In today’s globalized world, communication across languages has become more crucial than ever. One effective tool to bridge language gaps is machine translation. In this article, we’ll explore how to fine-tune a MarianMT model, specifically tailored for English to Vietnamese translations, leveraging the power of pretrained models.
Understanding the Training Phases
The process consists of two distinct training phases that refine the model’s capabilities:
- Mixed Training: This phase involves a dataset that includes both English-Chinese and English-Vietnamese sentences. The model learns fundamental translations across these languages.
- Pure Training: In this phase, the model focuses exclusively on English-Vietnamese sentences. This specialized training allows the model to excel at translating specifically between these two languages.

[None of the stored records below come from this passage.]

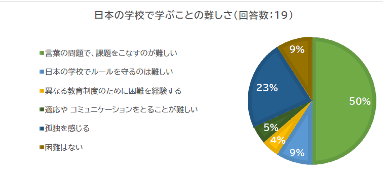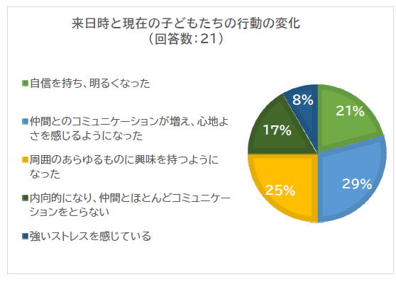 一方で、多くの子どもは徐々に日本語でのコミュニケーションが容易になり、日本人の友人を作り、日本での生活を楽しむようになってきていることも分かりました。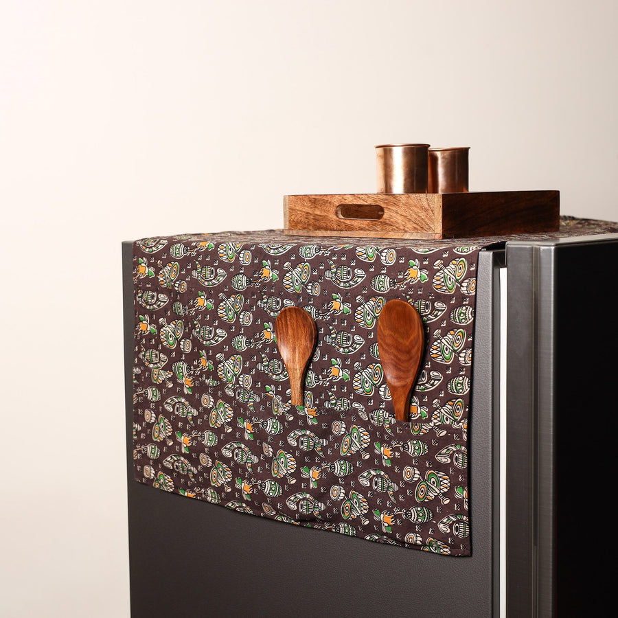 Infuse your kitchen with ethnic elegance using this brown cotton fridge top cover made from artisanal Indian fabrics. It protects your fridge from daily dust and scratches, while six handy pockets provide practical storage for everyday essentials.
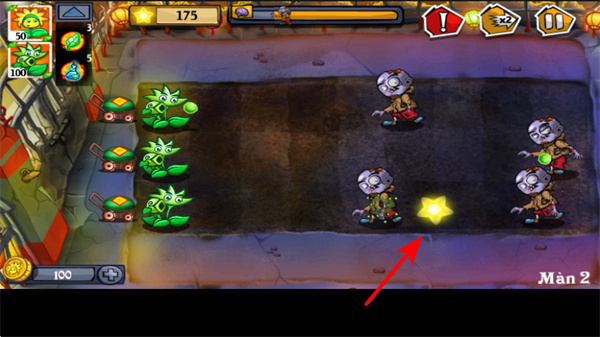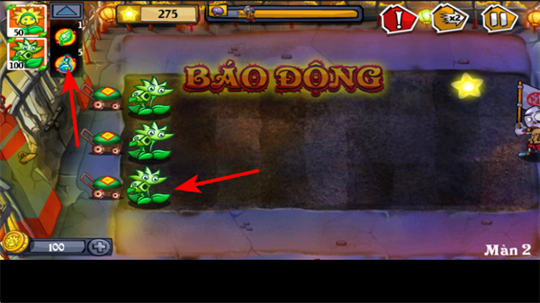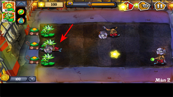 2、游戲中依照箭頭指引布置植物,讓植物攻擊靠近的僵尸,這是防御僵尸的基礎(chǔ)操作,按此布置可阻擋僵尸前進(jìn)。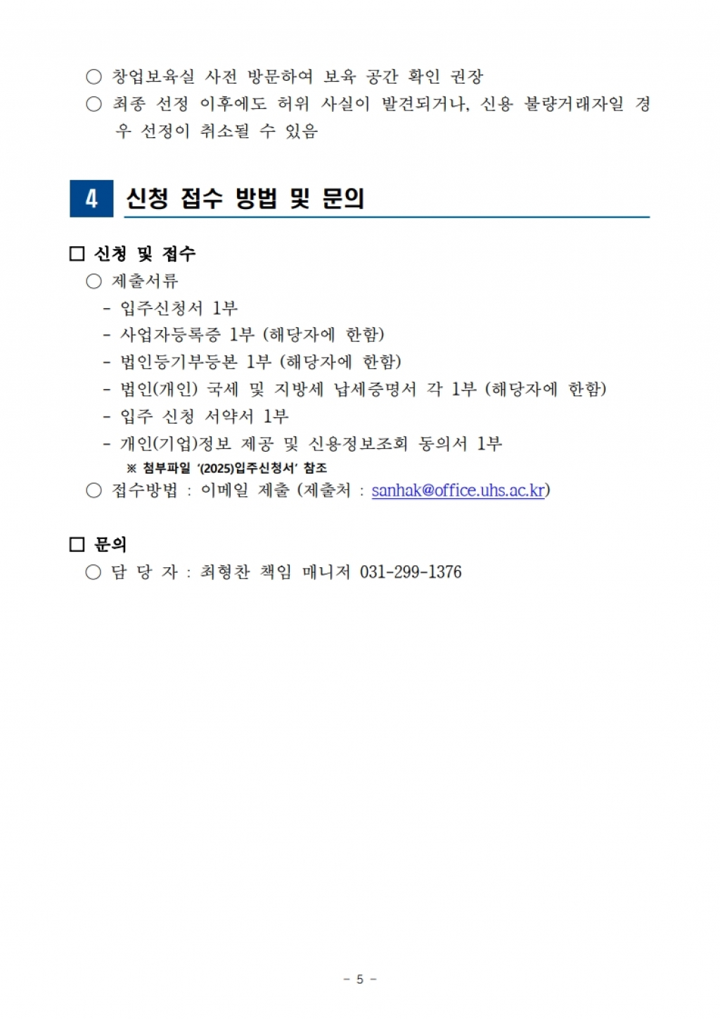2026년 협성대학교 창업보육센터 상반기 신규 입주기업 모집공고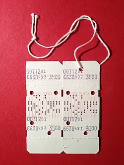 A Kimball tag was a cardboard tag that included both human- and machine-readable data to support punched card processing.[1] A Kimball tag was an early form of stock control label that, like its later successor the barcode, supported back office data processing functions. They were predominantly used by the retail clothing ("fashion") industry.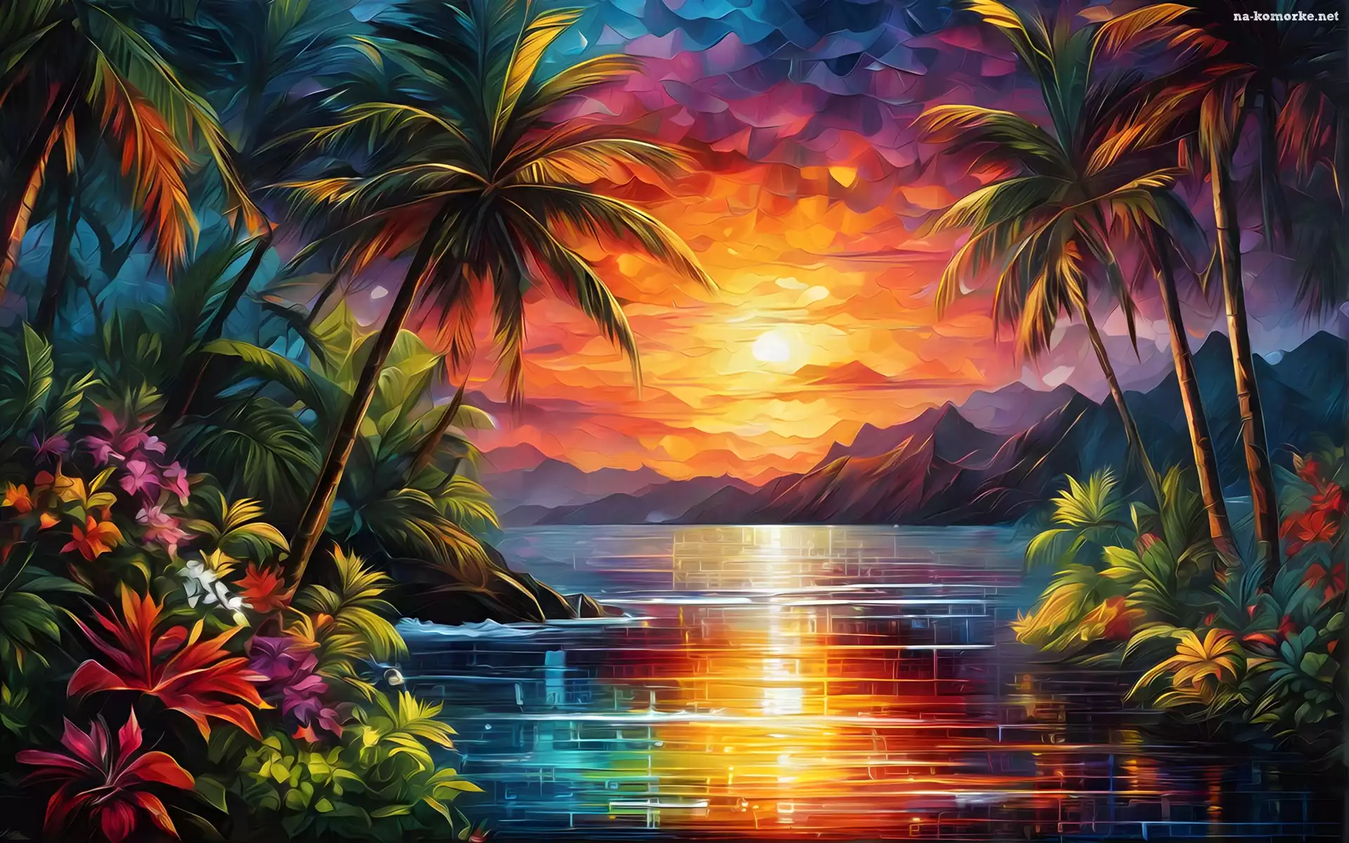 Zachód słońca, Góry, Kwiaty, Grafika, Palmy, Morze na Komórkę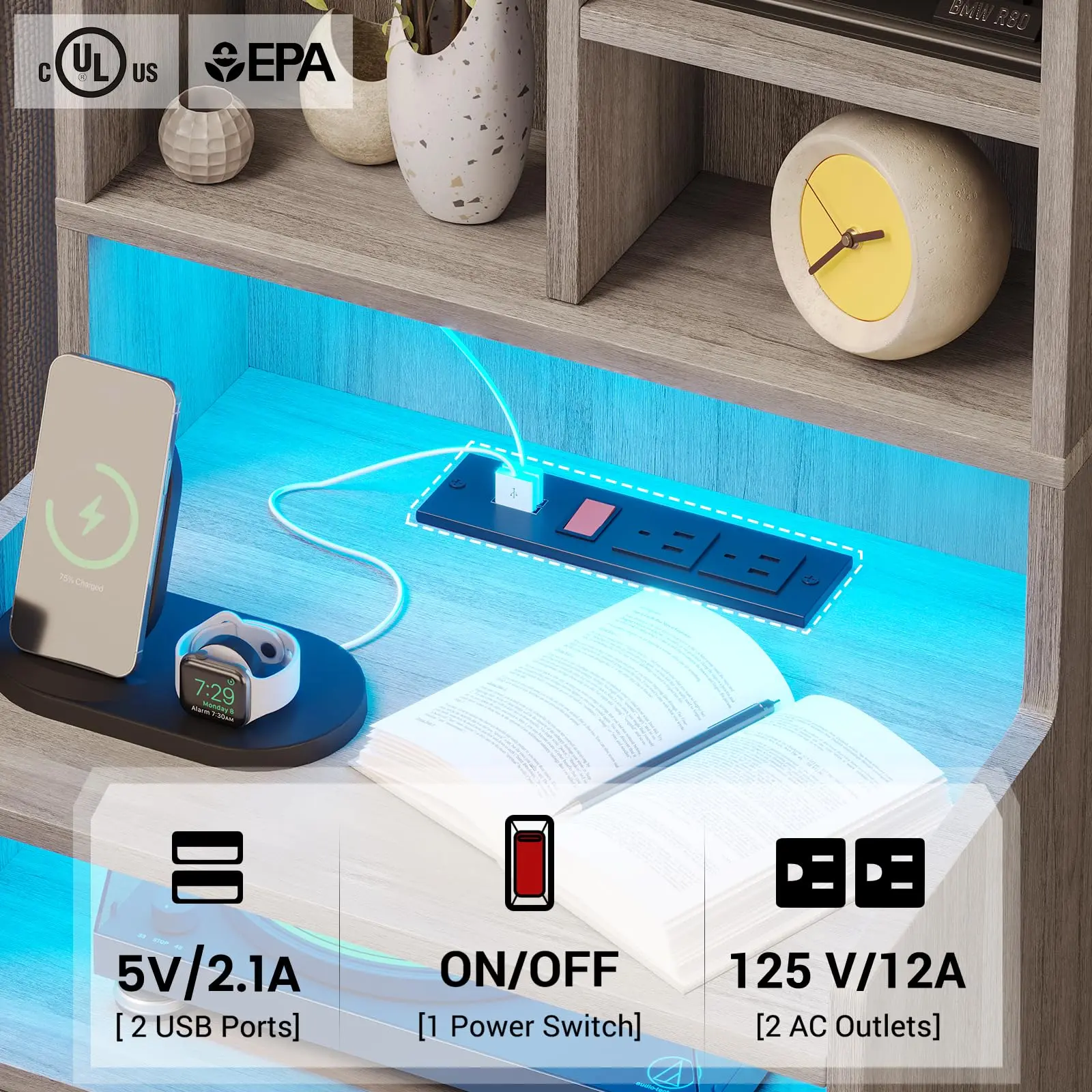 Sikaic Tall Nightstand with Charging Station and LED Lights, Bedside Table with Bookshelf, Grey Furniture Bedroom Vanity Desk Design Vanity DeskSikaic Tall Nightstand with Charging Station and LED Lights, Bedside Table with Bookshelf, Grey Furniture Bedroom Vanity Desk Design Vanity DeskSikaic Tall Nightstand with Charging Station and LED Lights, Bedside Table with Bookshelf, Grey Furniture Bedroom Vanity Desk Design Vanity Desk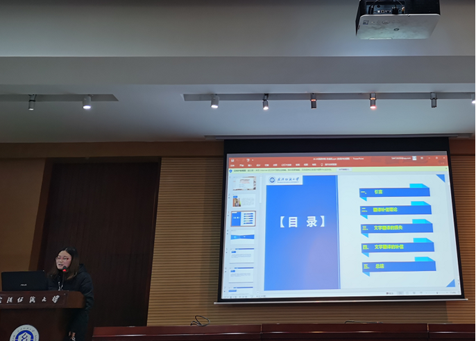 张倩茹同学则从文学的框架下谈到做文学翻译时的损失与补偿,通过霍克斯对《红楼梦》的译文进行案例分析,阐释翻译补偿策略作为艺术和文学创作的主要手段,能够使译作的文化内涵得以传达。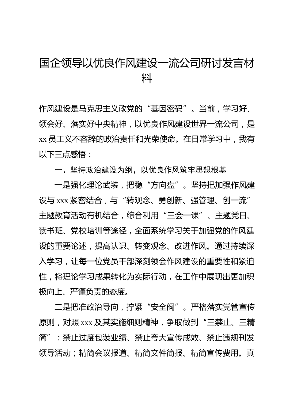 國(guó)企領(lǐng)導(dǎo)以優(yōu)良作風(fēng)建設(shè)一流公司研討發(fā)言材料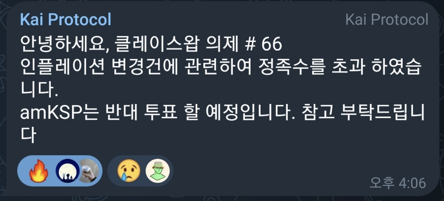 보통 의제가 등록되면 의제가 등록되었으니 투표해 달라는 정도의 메시지만 공식 텔방을 통해 전달이 되는데, 이번 안건에 대해서는 저렇게 장문의 입장을 이야기하고 있고, 여기에 대해서 분명히 "반대"의 입장을 보여주고 있습니다.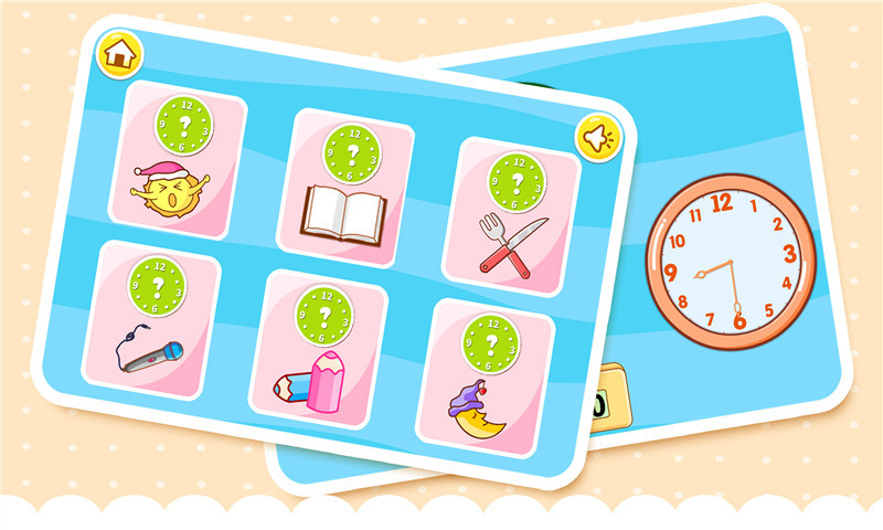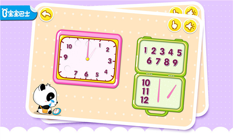 宝宝认时钟游戏是一款专为宝宝们量身打造的早教小游戏,帮助宝宝更好的认识身边的时钟,开拓宝宝大脑智力,让宝宝在游戏中快乐学习,健康成长,快来 点击下载体验一下吧!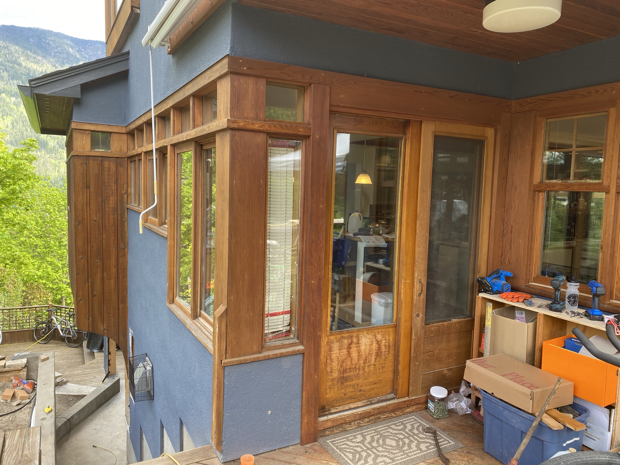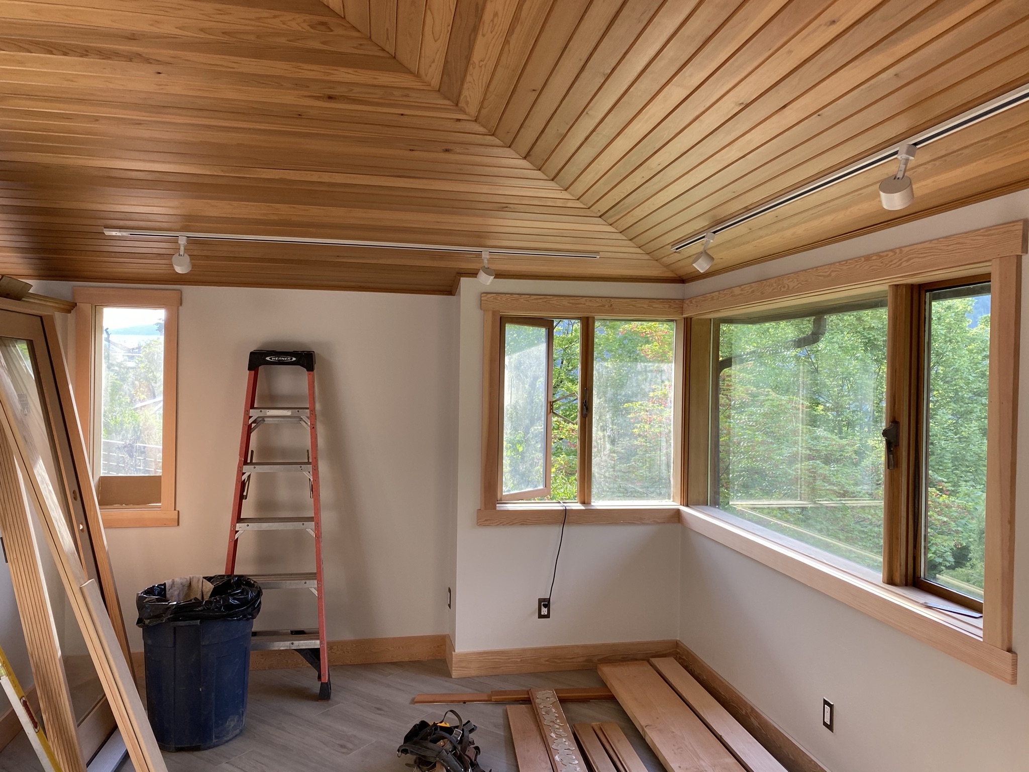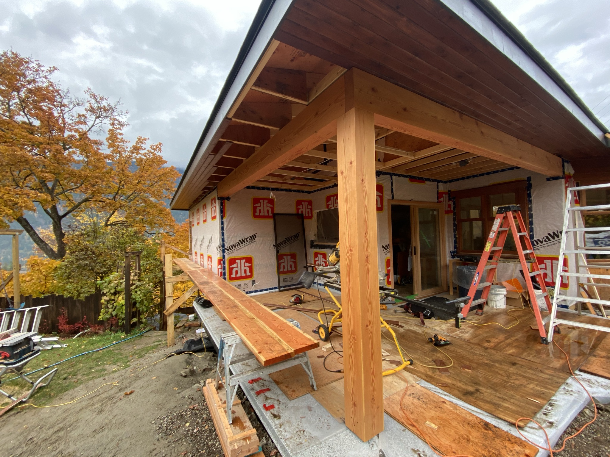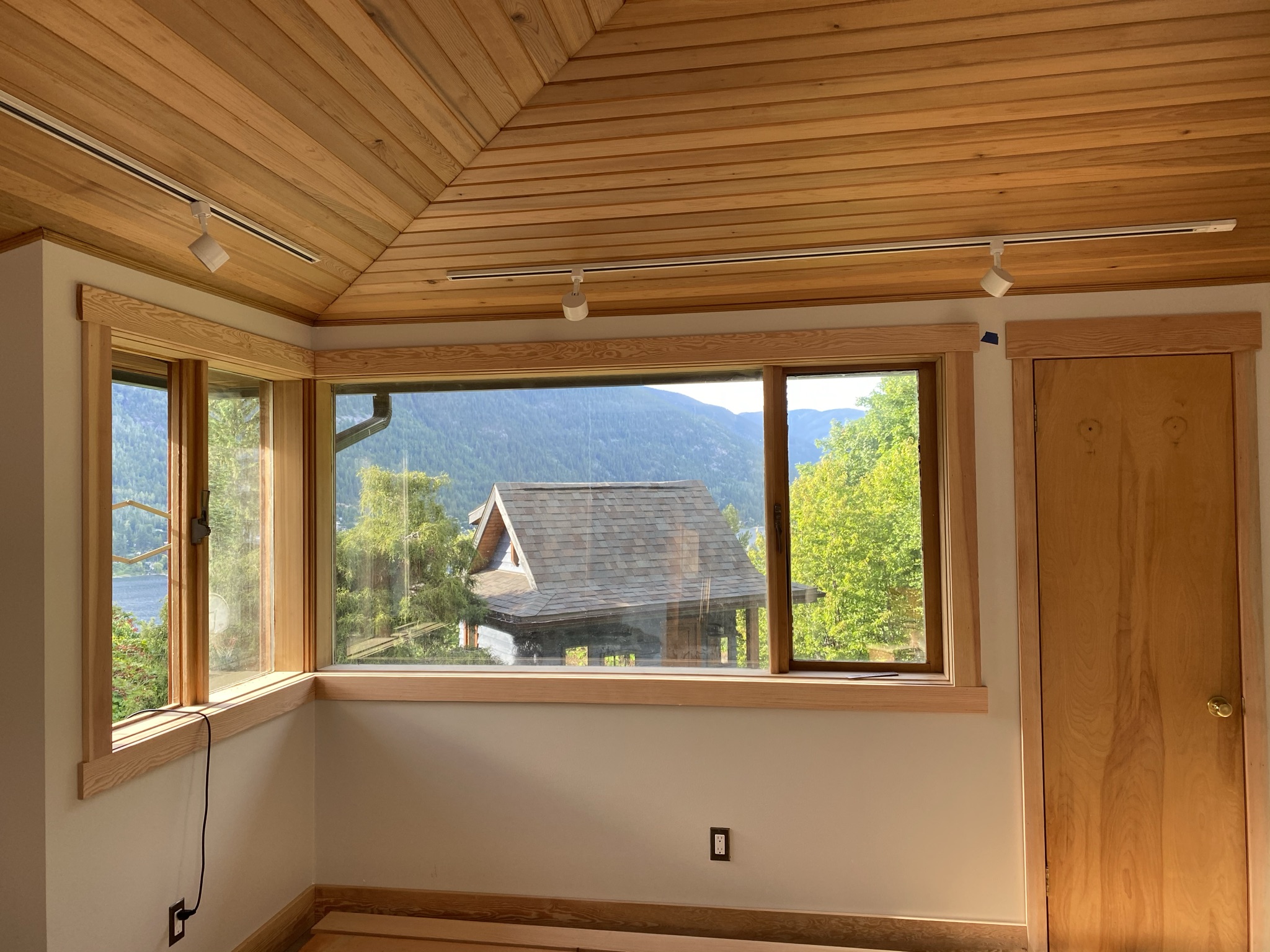 This project included the expansion of an exterior covered deck that utilized timber framing. The renovation continued inside with tongue and grooved ceiling, and new doors.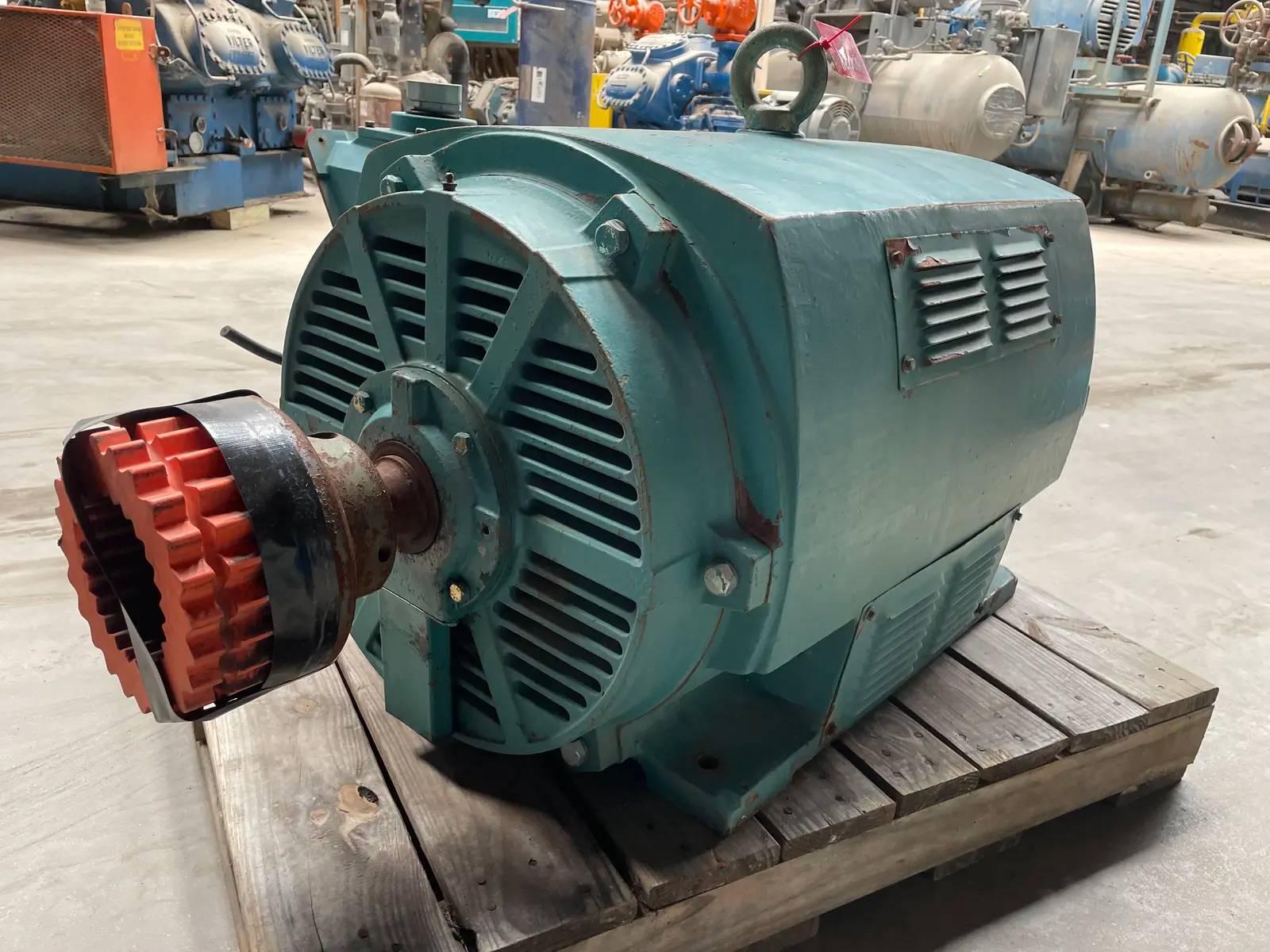 2300 / 4160 V TECO - Westinghouse Electric Motor - 250 HP. S/N: BEC42029-2. Catalog Number: P2502. Motor : 3555 rpm, 2300 / 4160 V, 56/31 amps, 60 Hz, 3 phase. Continuous duty. Enclosure Type: WP I. Frame: 449TS. Weight: 900 kg. Type: ASHA-PA001. Overall dimensions: 3 ft. 7 in. L x 3 ft. 4 in. W x 2 ft. 3 in. ...more

Getting Started with Installation
Before diving into the model fine-tuning, you need to install essential packages. Use the following command:
!pip install transformers transformers[sentencepiece]
Implementing the Model
Now that you have the necessary packages, let’s walk through the code needed to download and set up your model:
from transformers import AutoModelForSeq2SeqLM, AutoTokenizer
# Download the pretrained model for English-Vietnamese available on the hub
model = AutoModelForSeq2SeqLM.from_pretrained("CLAcken-vi")
tokenizer = AutoTokenizer.from_pretrained("CLAcken-vi")
# Download a tokenizer that can tokenize English
tokenizer_en = AutoTokenizer.from_pretrained("Helsinki-NLPopus-mt-en-zh")
# Add special tokens for the target language
tokenizer_en.add_tokens([2, "zh", 2, "vi"], special_tokens=True)
# Input sentence for translation
sentence = "The cat is on the table"
input_sentence = f"2vi {sentence}"
# Generate the translation
translated = model.generate(**tokenizer_en(input_sentence, return_tensors="pt", padding=True))
output_sentence = [tokenizer.decode(t, skip_special_tokens=True) for t in translated]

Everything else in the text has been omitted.